*** Raw data Section Begins ***

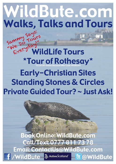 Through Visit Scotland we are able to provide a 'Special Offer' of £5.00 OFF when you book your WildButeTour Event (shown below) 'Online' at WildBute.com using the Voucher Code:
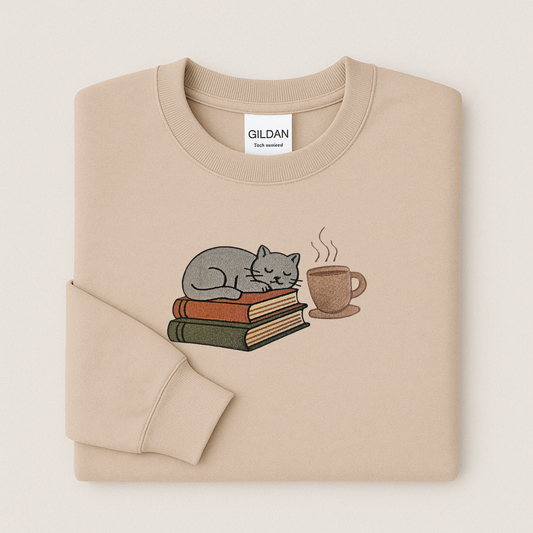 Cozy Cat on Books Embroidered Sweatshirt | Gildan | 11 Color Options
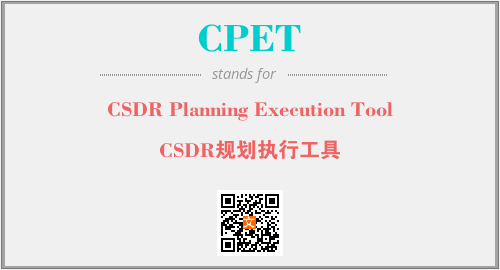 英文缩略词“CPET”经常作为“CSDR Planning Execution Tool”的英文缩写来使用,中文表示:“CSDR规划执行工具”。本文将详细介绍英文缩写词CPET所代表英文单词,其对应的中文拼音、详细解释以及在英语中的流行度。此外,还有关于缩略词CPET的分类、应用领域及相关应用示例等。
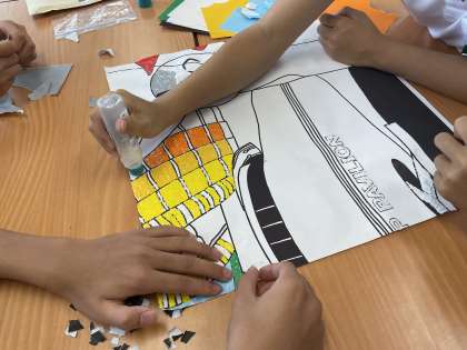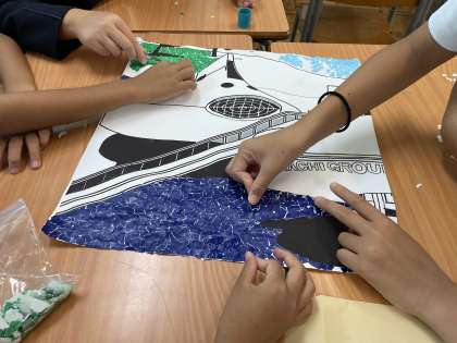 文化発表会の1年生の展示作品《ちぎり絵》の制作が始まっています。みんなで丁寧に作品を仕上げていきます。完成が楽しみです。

*** Raw data Section Ends ***
*** Raw data Section Begins ***

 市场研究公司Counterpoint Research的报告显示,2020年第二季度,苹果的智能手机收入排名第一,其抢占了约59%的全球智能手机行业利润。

*** Raw data Section Ends ***
*** Raw data Section Begins ***

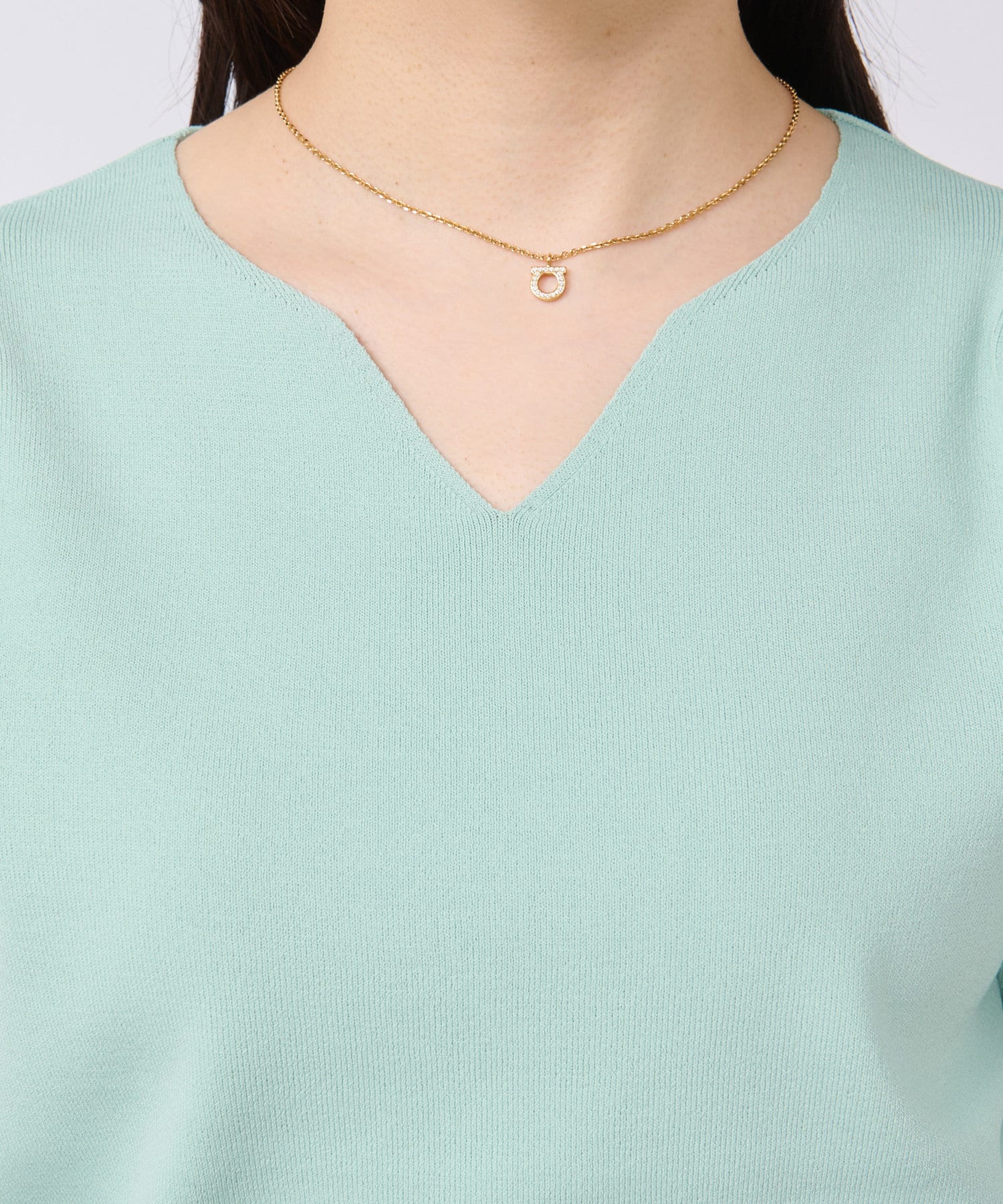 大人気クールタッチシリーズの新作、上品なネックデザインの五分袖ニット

*** Raw data Section Ends ***

— Problem statement —
When copying from the data above, print only the lines from the line containing "Through Visit Scotland" to the line containing "Cozy Cat on", exactly, and leave the pictures out.

— Final answer —
 Through Visit Scotland we are able to provide a 'Special Offer' of £5.00 OFF when you book your WildButeTour Event (shown below) 'Online' at WildBute.com using the Voucher Code:
 Cozy Cat on Books Embroidered Sweatshirt | Gildan | 11 Color Options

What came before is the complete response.